Las últimas fotografías eran de la casa Grady, tomadas desde todos los ángulos posibles salvo colgado cabeza abajo de un bajante. Según la fecha digital impresa en la esquina derecha de las fotos, eran de hacía un par de semanas, y habían sido hechas en el espacio de unos quince minutos. Ray había conseguido fotografiar incluso el interior de la casa a través de las rendijas entre los tablones de las ventanas tapiadas. Las miré por encima una vez, sin ver nada destacable. Las observé de nuevo, ahora más despacio, y advertí un detalle en la penúltima que me obligó a detenerme.

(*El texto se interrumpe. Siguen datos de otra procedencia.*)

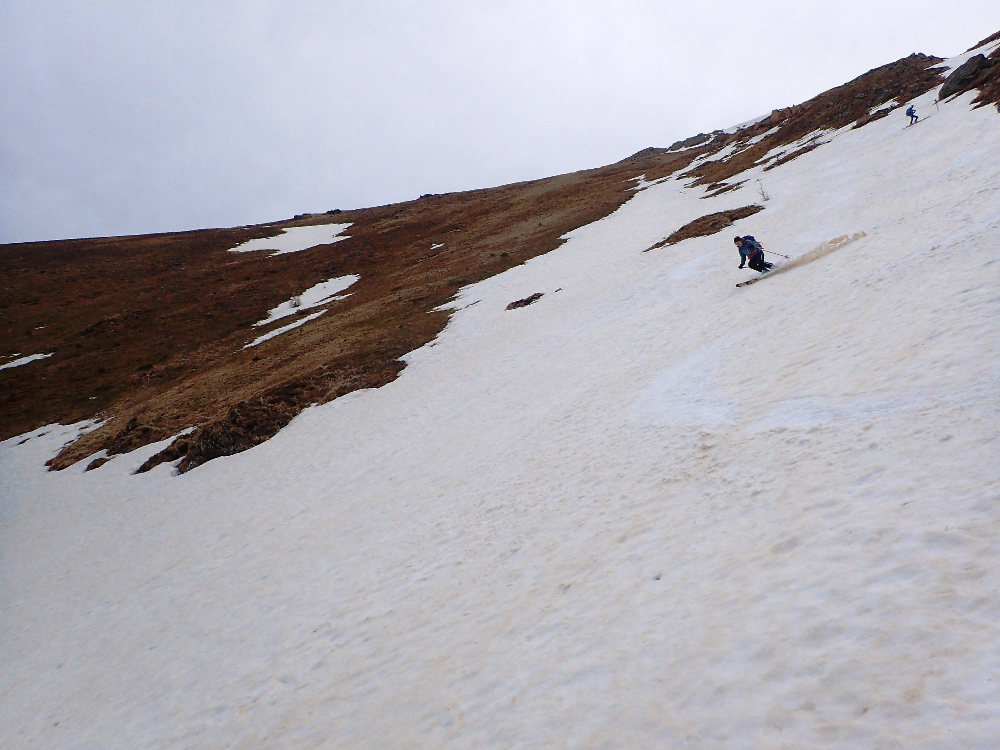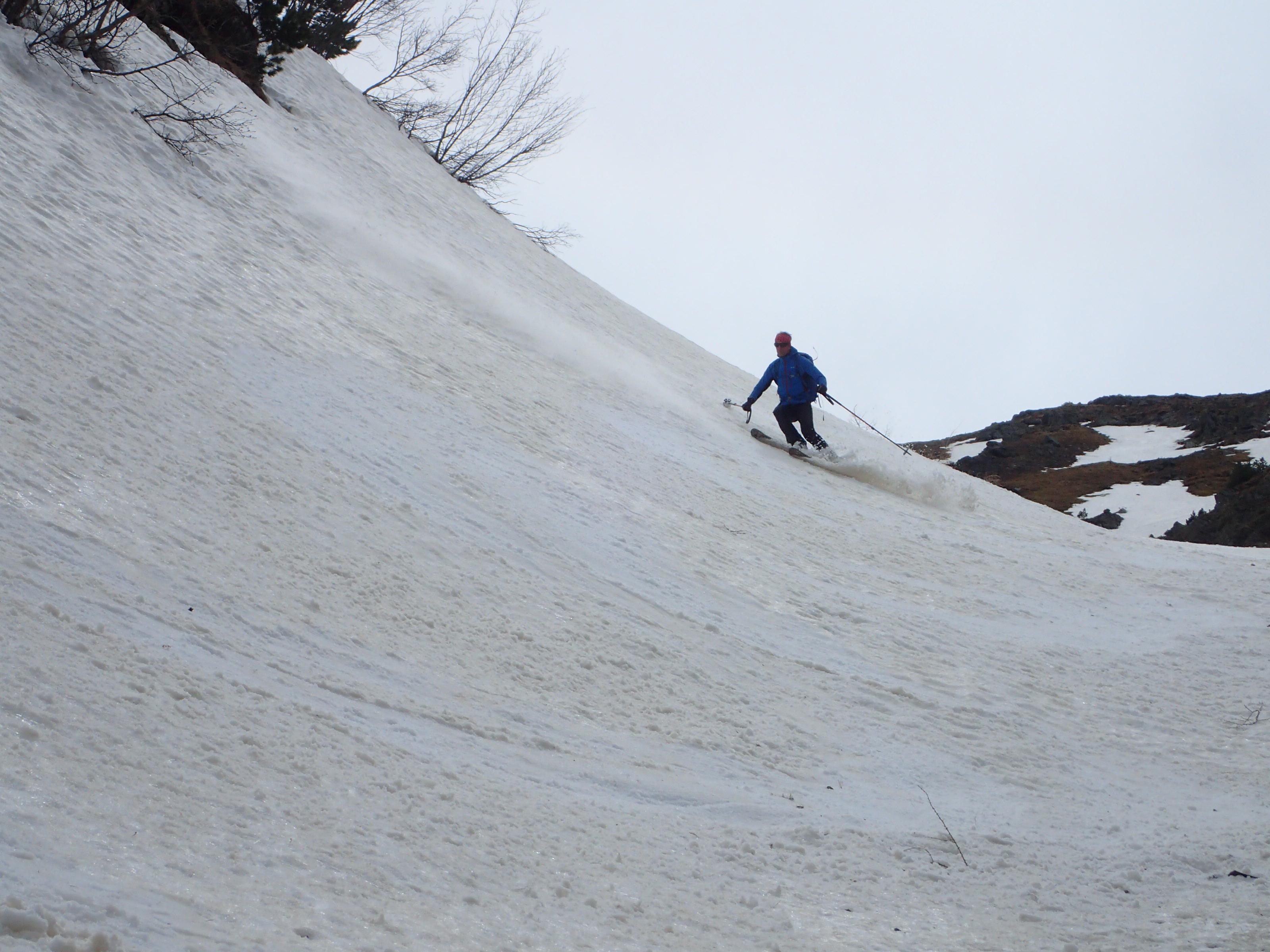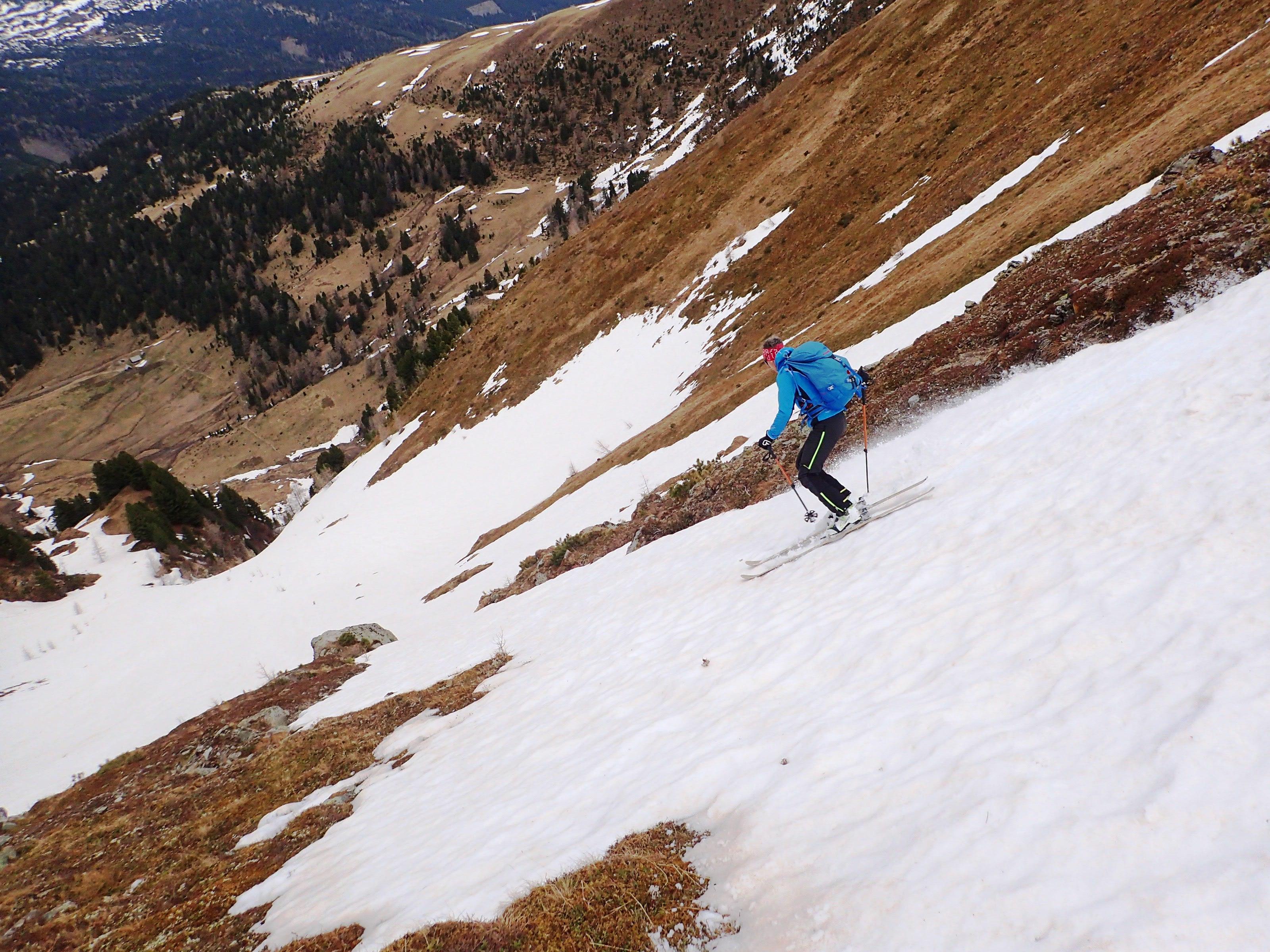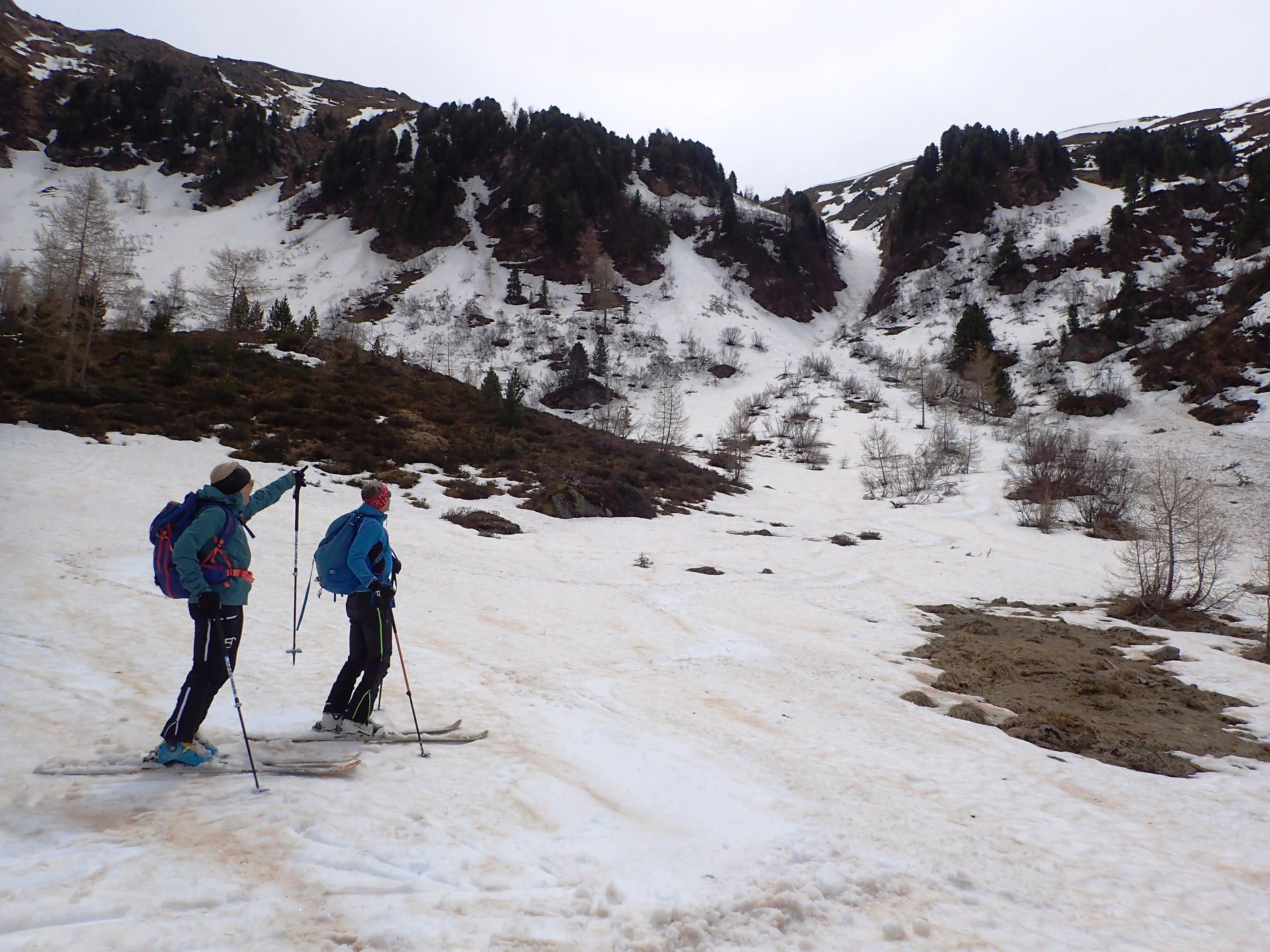 Es gibt einige Möglichkeiten für eher kurze, dafür teils ordentlich steile Rinnen, die jedoch allesamt wegen Schneemangels nicht mehr in Frage kommen.

Era la que Ray había tomado acercando la cámara a los tablones. La mayor parte de la imagen estaba velada por el reflejo del flash en el cristal, pero el lado izquierdo había quedado relativamente claro. Mostraba el espejo de la pared del recibidor, el mismo que yo había visto al entrar en la casa.
En él se veía reflejada la silueta de un hombre. Sólo distinguí su espalda, cubierta por una chaqueta oscura, pero no se le veía la cara. Su reflejo no miraba a la cámara. Revisé las imágenes una vez más para confirmar lo que había visto y luego las dejé a un lado.

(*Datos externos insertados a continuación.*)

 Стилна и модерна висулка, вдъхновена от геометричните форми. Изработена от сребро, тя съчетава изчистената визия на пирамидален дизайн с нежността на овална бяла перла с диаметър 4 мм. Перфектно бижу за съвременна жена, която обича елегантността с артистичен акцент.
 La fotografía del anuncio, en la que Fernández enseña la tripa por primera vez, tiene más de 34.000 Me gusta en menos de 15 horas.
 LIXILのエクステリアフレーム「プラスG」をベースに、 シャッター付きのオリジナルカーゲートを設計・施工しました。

En las fotografías de Ray Czabo, todas las puertas y ventanas de la casa Grady estaban claramente cerradas desde el exterior. Era imposible que hubiera alguien dentro.
Y sin embargo había alguien.
Esa noche Rachel se quejó de dolor de estómago, así que la llevé al Maine Medical y pasé dos horas en la sala de espera mientras la reconocían. Hojeé los periódicos durante un rato, pero parecían llenos de sufrimiento y no necesitaba leer sobre gente que moría mientras Rachel estaba dolorida.
Al final los médicos la dejaron salir. Nos dijeron que no había nada de que preocuparse y que todo parecía en orden. Llegamos a casa a eso de las dos de la madrugada y Rachel empezó a llorar poco después. No pude consolarla, y por lo visto ella no se sentía capaz de hablar. Así pues, la tuve entre los brazos hasta que el llanto cesó y por fin la venció el sueño, intercalándose en sus últimos momentos de vigilia leves hipidos y sollozos.
A la mañana siguiente se comportó como si nada hubiera pasado, y no supe qué más hacer, aparte de dejarla en paz.